A Man’s Job: Humanity in Blade Runner

Gamer_152
15 min readNov 30, 2019

Note: The following article contains major spoilers for Blade Runner and talks specifically about the final cut of the film.

When a prolific sci-fi film reaches a certain age, it goes through a rite of passage in the critical space. Writers inevitably see agreements and disagreements between the film’s vision of the future and how our present actually shook out, and the printing presses begin churning with articles on what the movie “got right” about the future. The seminal 1982 cyberpunk film Blade Runner is set now, in November 2019, and fittingly, magazines and websites are awash with verdicts on what Blade Runner accurately predicted about the modern world. How smart are AI? Do we still use Polaroids? Where exactly are the flying cars? These pieces almost invariably focus on technological and aesthetic comparisons, and to be sure, Blade Runner was a paralysingly convincing vision of technology, home living, and fashion. In no small part because of its pioneering effects, sets, and props, as well as its cultural prognostication. And carrying out those spot-the-difference exercises between sci-fi and the real world can help make us more aware of the history of both. But I don’t want to talk about Blade Runner as a prophecy as much as I want to talk about Blade Runner as an exploration of humanity.

This neo-noir is loosely based on Philip K. Dick’s novel, Do Androids Dream of Electric Sheep? In its alternate version of 2019, the rich have fled Earth for luxurious off-world colonies where synthetic humans called replicants perform their labour. These androids are manufactured by the renowned Tyrell Corporation and have a lifespan of only four years. In the case that replicants should escape, elite police units called blade runners are assigned to hunt them down. Rick Deckard is a blade runner who is pulled out of retirement and forced to find and kill four Nexus-6 model replicants who’ve left their posts. The team hijacked a colony shuttle, killed its occupants, and piloted it to Earth where they now take refuge in a dilapidated Los Angeles. They are Pris Stratton, Leon Kowalski, Zhora, and their superhuman leader, Roy Batty.

The film is more interested in picking and choosing elements of Dick’s novel and directing them towards its own goals than it is adapting the book. However, it’s trying to answer the same question as Dick’s story: Do androids dream of electric sheep? That is, do the synthetic humans of this universe have experiences comparable to that of people? The bookkeepers and police chiefs of Blade Runner’s world consider this question put to bed: They define the replicants by their lack of emotional response.

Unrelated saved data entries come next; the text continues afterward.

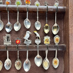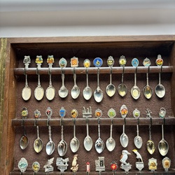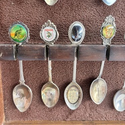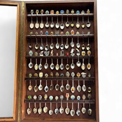 | Omschrijving | Een 20e eeuwse hangvitrine, gevuld met zestig verzilverde lepeltje, thema Australië |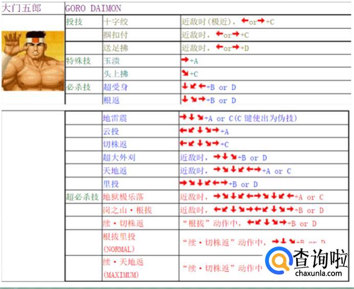 主角队出招表:草薙京、二阶堂红丸、大门五郎。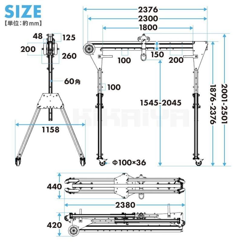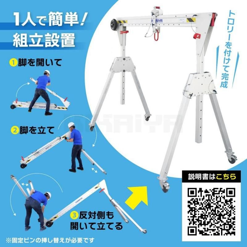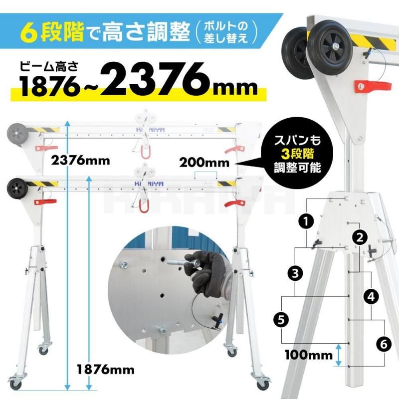 • 商品名 KIKAIYA アルミ製折りたたみ式ガントリークレーン 400kg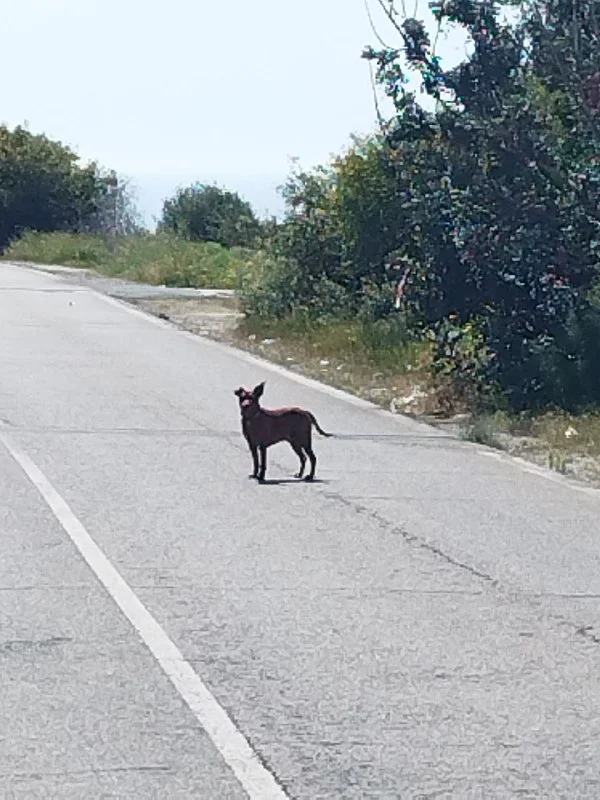 Бегает в Конии, перед выездом на автостраду в сторону лимассоле. Не подходит. Ошейник вроде красный и брелок.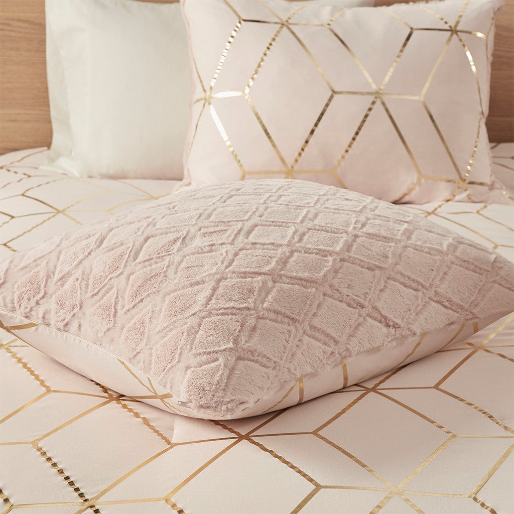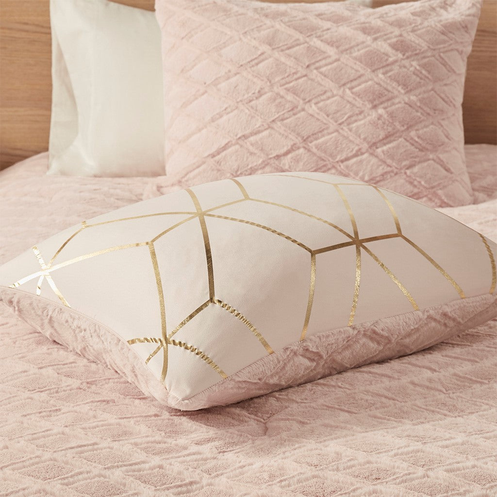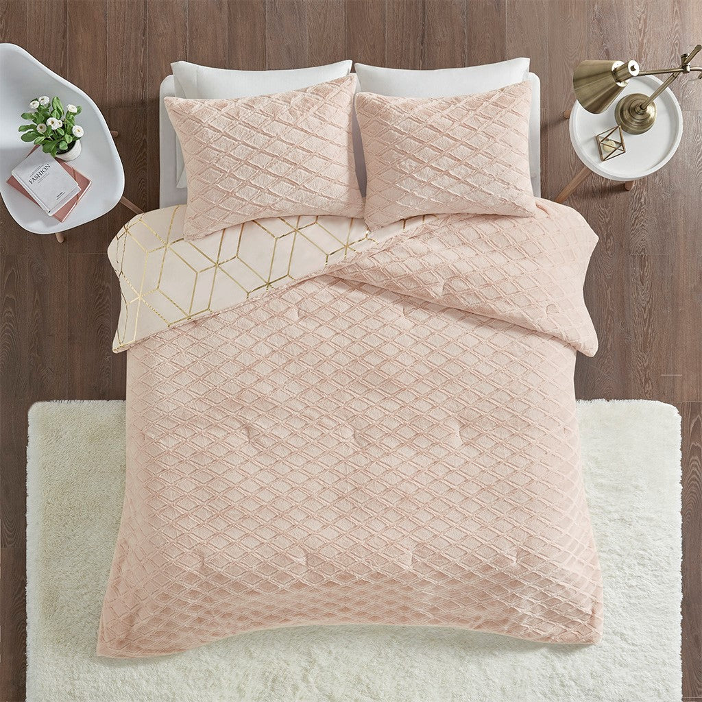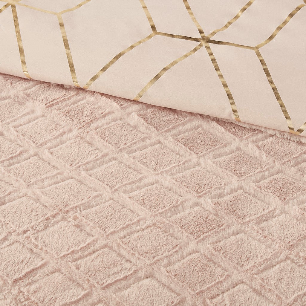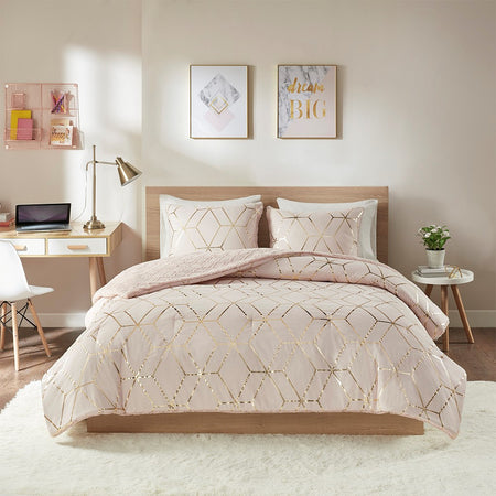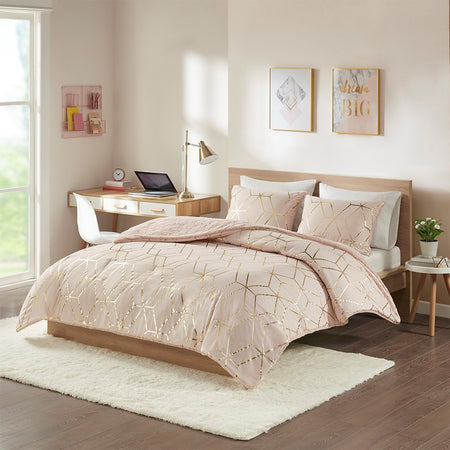 The Intelligent Design Ainsley Metallic Print Reversible Comforter Set offers incredible value and style for your bedroom decor. This reversible comforter features a gold metallic geometric print on a blush base that reverses to a blush pressed diamond faux fur, for a chic contemporary look. Two matching shams (1 for Twin Sizes) mirror the reversible design of the comforter and features hidden side zipper openings for your pillows. Hypoallergenic polyester filling in the comforter provides exceptional warmth and comfort. Machine washable for easy care, this reversible comforter set brings two stunning and modern looks to style your bedroom decor and is OEKO-TEX certified, meaning it does not contain any harmful substances or chemicals to ensure quality comfort and wellness.

The first scene of Blade Runner, after the opening landscape shots, features an employee of the Tyrell Corporation, Dave Holden, checking whether Kowalski is a replicant. In Blade Runner’s universe, there is an unwavering standard for such an examination: The Voight-Kampff test. The Voight-Kampff involves asking the subject a series of emotionally-charged questions and using a machine to measure pupillary dilation, blushing, and other physical responses typically associated with emotional arousal. If the subject fails to display these involuntary signs of distress when prompted, they’re concluded to be non-human.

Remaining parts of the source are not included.